PRICHARD, W.Va. — The Marshall University Research Corporation (MURC) will receive a U.S. Economic Development Administration (EDA) grant to help Wayne County with the Heartland Intermodal Gateway facility.

U.S. Sens. Shelley Moore Capito, R-W.Va., and Joe Manchin, D-W.Va., announced the $376,325 EDA grant last week.

The Heartland Intermodal Gateway — the truck and rail transfer facility in Prichard that never lived up to its promise — was deeded to the Wayne County Commission in August of last year.

“The Wayne County Commission still owns the property and is part of a collaborative effort with HADCO and MURC to move the project forward,” said Leah Payne, director of University Communications at Marshall. “MURC has been awarded funding help the commission facilitate the transfer process and prepare the necessary bid correspondence for a new operator for the intermodal gateway facility.”

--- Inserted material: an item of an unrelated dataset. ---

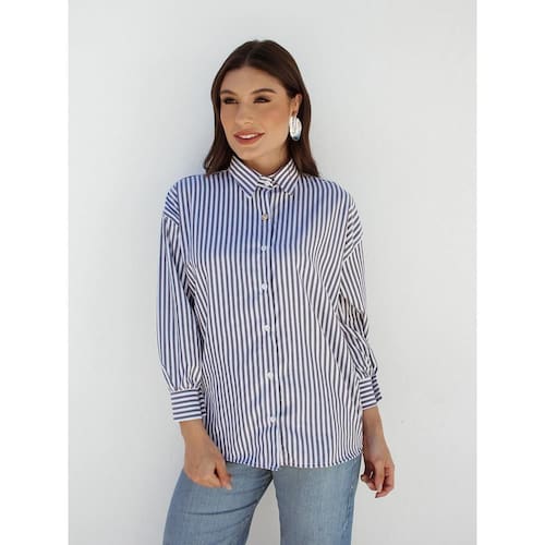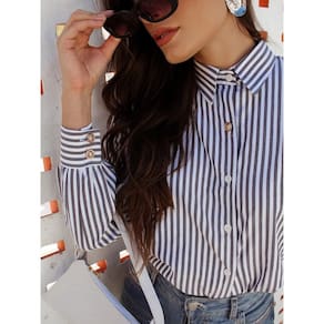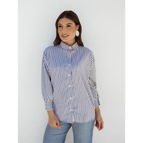 Camisa Feminina Listrada Clássica Manga Longa Alfaiataria - Azul Marinho - M

In July 2022, the West Virginia Board of Public Works, which is composed of Gov. Jim Justice and other statewide elected officials not on the Supreme Court of Appeals, approved the transfer of the facility to the Wayne County Commission.

“At the end of the day, when it comes to making sure the Heartland Intermodal Gateway is operating as its very best, there is no one better to lead the way than local leaders in Wayne County,” Justice said in a prepared statement last year. “These are the people who are personally committed to making sure this important gateway succeeds, so it makes all the sense in the world to let the people with the most intimate knowledge take the reins.”

Built by the former West Virginia Public Port Authority following a 2013 agreement with Norfolk Southern railroad, the 65-acre facility at the southern end of Prichard was designed to transfer 20-foot and 40-foot shipping containers between railcars and trucks. The $32 million project was paid for with a combination of state money and a federal grant award.

It was one of several intermodal facilities built along what Norfolk Southern calls its 530-mile Heartland Corridor between its ocean port at the Hampton Roads, Virginia, area and Chicago. To build the corridor, tunnels and bridges were enlarged to enable double-stacking of cargo containers on railroad flatcars.

The intermodal facility at Prichard opened in 2015 and never justified itself economically. Then-West Virginia Transportation Secretary Byrd White told legislators in January 2020 that the facility never came close to the minimum 15,000 “lifts” of containers to and from railcars that Norfolk Southern demanded, with a total of just 579 lifts for the entire 2018-19 budget year.

In the news release, Justice and the West Virginia Department of Transportation decided the best use for the facility would be to transfer ownership to local stakeholders who are most interested in seeing the Heartland Intermodal Gateway succeed.

The news release included this statement from the Wayne County Commission: “The Commission is currently working with Marshall University’s Appalachian Transportation Institute (ATI), the Huntington Area Development Council (HADCO) and experts in the field of transportation to see what role this facility will provide in support of fragile supply chains. We are excited about the economic opportunity this facility offers Wayne County going forward.”